Recorded data
———
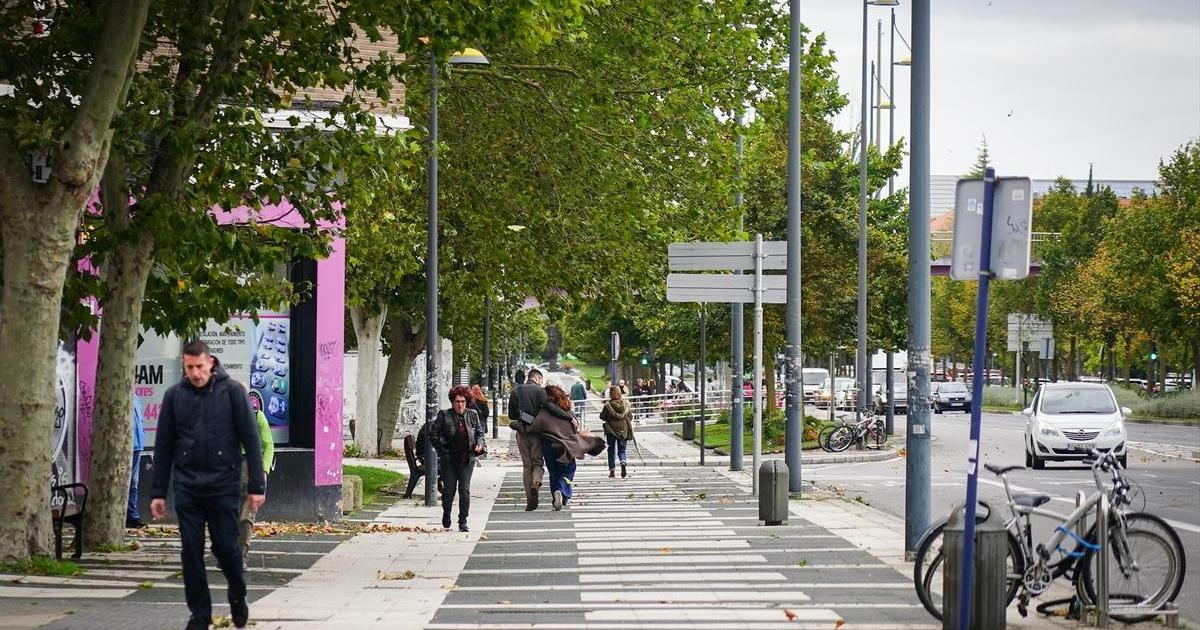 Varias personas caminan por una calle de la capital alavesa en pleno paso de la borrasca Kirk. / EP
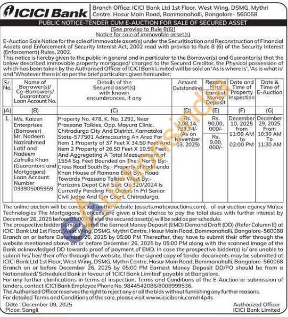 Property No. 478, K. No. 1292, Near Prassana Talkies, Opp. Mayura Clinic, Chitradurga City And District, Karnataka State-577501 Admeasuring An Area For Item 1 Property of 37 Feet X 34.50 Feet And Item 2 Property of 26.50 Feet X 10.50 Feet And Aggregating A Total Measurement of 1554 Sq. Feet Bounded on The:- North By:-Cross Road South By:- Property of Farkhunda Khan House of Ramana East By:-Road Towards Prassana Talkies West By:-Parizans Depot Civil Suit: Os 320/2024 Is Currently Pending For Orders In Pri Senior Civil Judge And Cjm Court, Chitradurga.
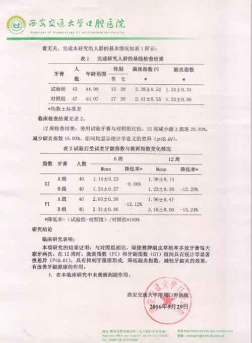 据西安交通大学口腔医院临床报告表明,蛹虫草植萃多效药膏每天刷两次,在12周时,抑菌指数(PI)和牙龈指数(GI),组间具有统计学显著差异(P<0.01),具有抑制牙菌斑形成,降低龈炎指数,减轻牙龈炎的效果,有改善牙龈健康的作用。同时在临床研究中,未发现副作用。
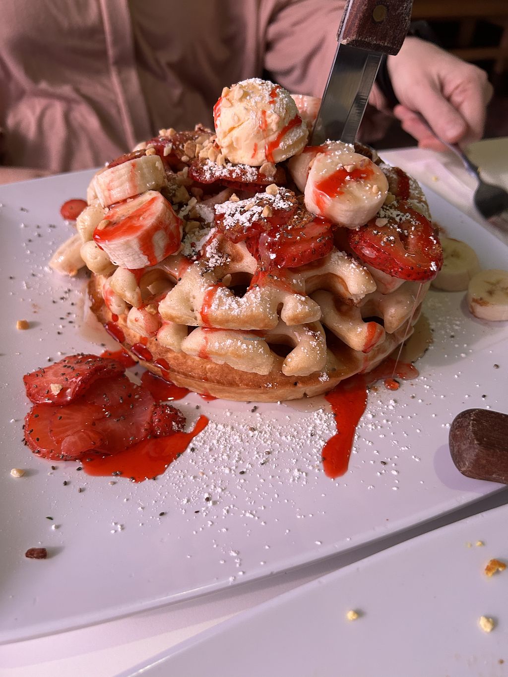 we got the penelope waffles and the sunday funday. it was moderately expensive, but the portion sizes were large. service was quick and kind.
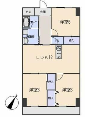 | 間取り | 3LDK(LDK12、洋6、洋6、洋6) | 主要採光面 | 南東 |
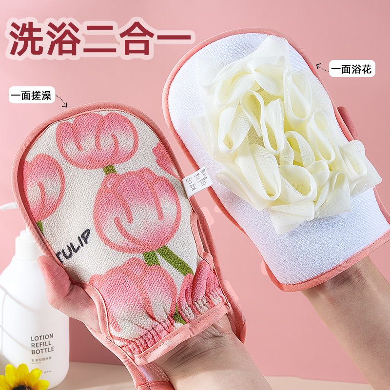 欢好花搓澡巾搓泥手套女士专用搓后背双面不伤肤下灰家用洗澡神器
———
■ Task objective
Copy exactly the lines from the line that has "主要採光面 | 南東 |" through the last line of the entries above, inclusive, and no others. Pictures do not go in the copy.

■ Result for this task
 | 間取り | 3LDK(LDK12、洋6、洋6、洋6) | 主要採光面 | 南東 |
 欢好花搓澡巾搓泥手套女士专用搓后背双面不伤肤下灰家用洗澡神器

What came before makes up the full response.